Normally, before we act out, we should always think of our actions and the consequences that come along. The prominent reason for their untimely death was Romeo’s clouded judgment. After Tybalt had slain Mercutio, Romeo says:

“Again, in triumph, and Mercutio slain?/Away to heaven, respective lenity,/And fire-ey’d fury be my conduct now!/Now, Tybalt, take the ‘villain’ back again/That late thou gavest me, for Mercutio’s soul/Is but a little way above our heads,/Staying for thine to keep him company:/Either thou or I, or both, must go with him.” (3.1.118-125). 

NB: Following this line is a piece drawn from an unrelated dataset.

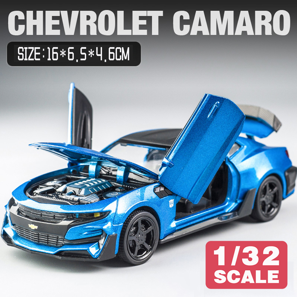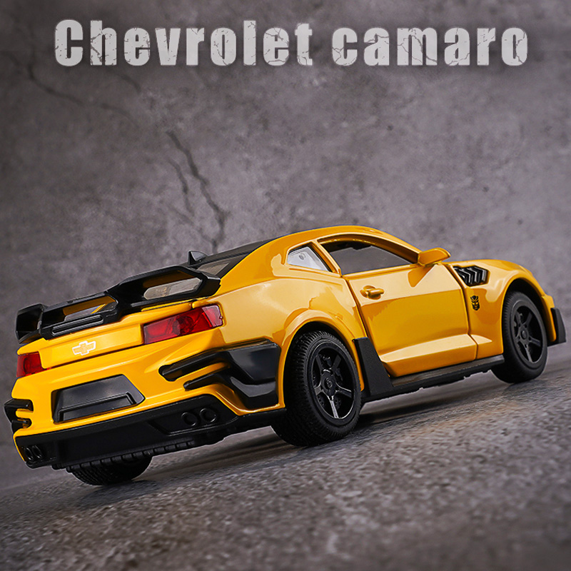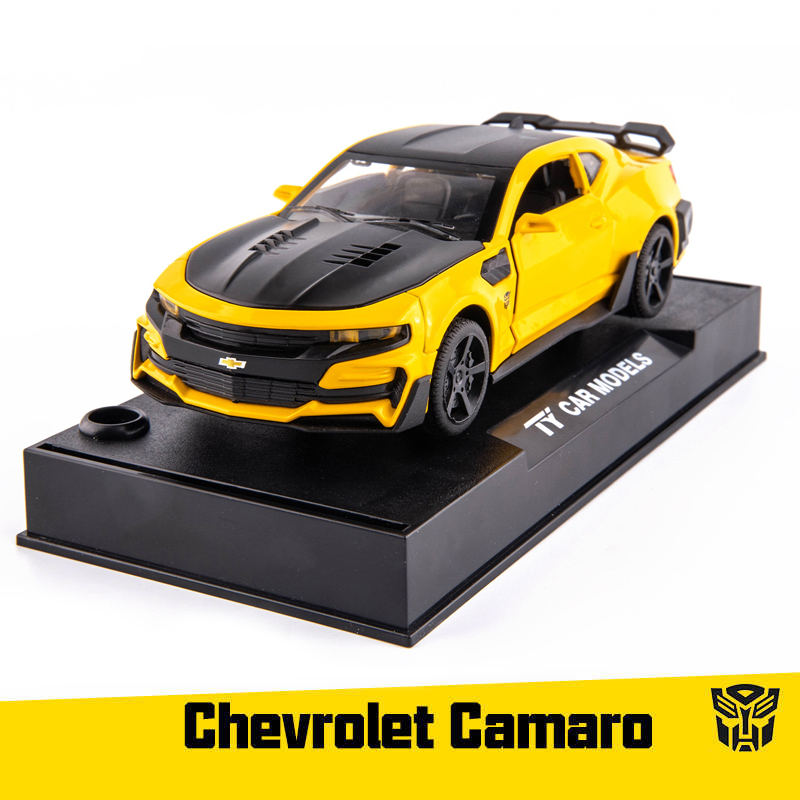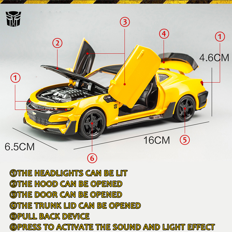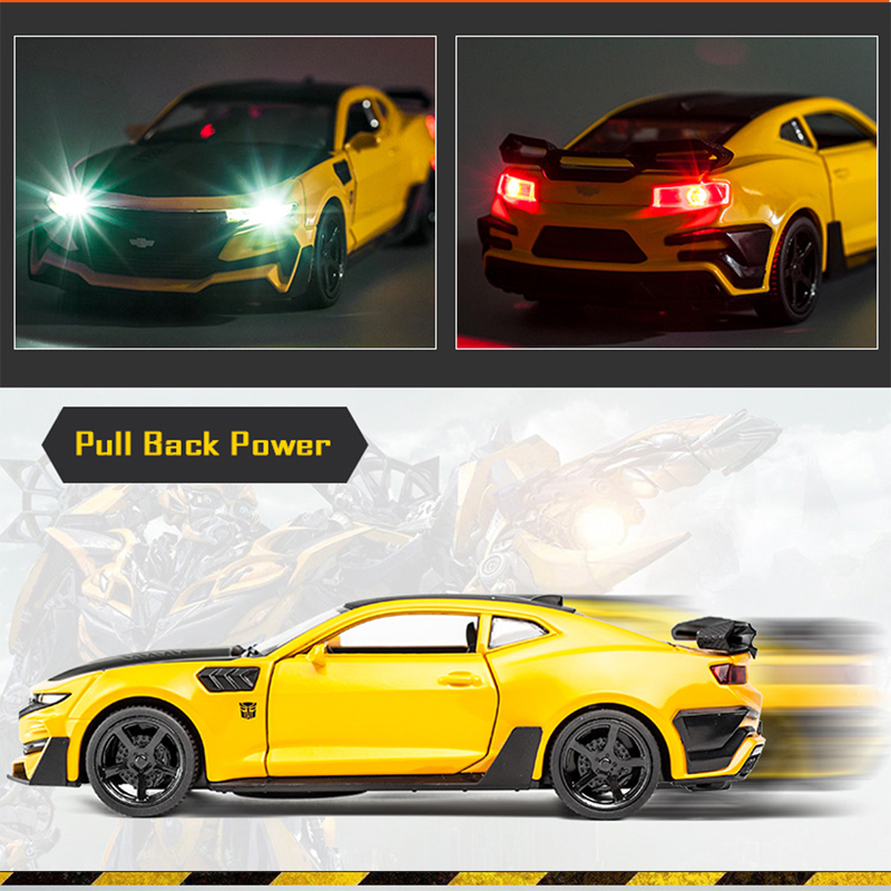 Name: Bumblebee CamaroColor: red, black, yellow, blueMaterial: Alloy PlasticProportion: 1:32Control method: pull backFeatures: Lights and music, The door can be openedProduct size: 16 * 6.5 * 4.6cmApplicable age: ≥3 years oldPackaging: Color box / no color box

He challenges Tybalt to a duel to avenge Mercutio’s death without thinking of the possible outcomes. “O, I am a fortune’s fool.”  (3.1.132). He said after he had realized the mess he had just caused, he killed Tybalt. Romeo quickly fled to Friar Lawrence’s cell where he later received the news of his punishment. He was exiled from Verona as demanded as justice for Tybalt from Lady Capulet. As a consequence of his exile, he was unable to see Juliet once again. Romeo immediately regrets his actions as he should have held in his anger. Instead, Romeo had acted out irrationally, clouding his judgment without thinking of the outcomes. Yet again, he failed to think about Juliet and her well-being. Furthermore, Friar Lawrence came up with a ridiculous plan so that Juliet and Romeo may reunite which caused the death of the two young lovers. 

When we do not justify our decisions, consequences follow whether they are good or bad. 

Romeo fails to justify his answers through reckless actions contributing to both his and Juliet’s death. As Romeo approaches the Capulet tomb he says, “Thou detestable maw, thou womb of death,/Gorg’d with the dearest morsel of the earth,/Thus I enforce thy rotten jaws to open/And in despite I’ll cram thee with more food.” (5.3.45-48). He hastily tries to get into the tomb without rationalizing his decisions. As he enters the tomb, he came across Juliet’s body and says:

“Shall I believe/That unsubstantial/Death is amorous,/And that the lean abhorred monster keeps/Thee here in dark to be his paramour?/For fear of that, I still will stay with thee,/And never from this palace of dim night/Depart again. Here, here will I remain/With worms that are thy chambermaids;/O here/Will I set up my everlasting rest,/And shake the yoke of inauspicious stars/From this world-wearied flesh. Eyes, look your last! Arms, take your last embrace! And, lips,/O you/The doors of breath, seal with a righteous kiss. . .” (5.3.102-112). 

Romeo panicked looking at Juliet,  he was unable to overcome the fact that the love of his life was dead. So without a second thought, Romeo kisses Juliet and decides to take out his poison vial to drink it. He lays lifelessly next to his soon-to-be conscious lover. Juliet then wakes up moments later next to Romeo’s body in shock. She immediately takes his dagger and stabs herself ending their love story in a tragic double suicide. If Romeo had held in his anger and grief, maybe things could have ended differently, they would have had a chance to be alive together. He acted out for what he thought was in his best interest, he immediately bought the poison and did not hesitate to drink the poison. If Romeo had not been so reckless with his plan, he could have reevaluated which would not have resulted in their untimely death.

Therefore, Romeo is not only weak, immature, or impulsive but he is responsible for the death of himself and his own lover. He is blameworthy because of his unreasonable decisions, indecisiveness, and thoughtless actions. He attended the Capulet party, well knowing that something bad will result from it, he slew Tybalt without thinking ahead due to his clouded judgment, and his untimely death because he refused to rationalize his decisions. It is no wonder that Romeo’s impulsive decisions finally caught up with him. As in the beginning, he predicted his own death.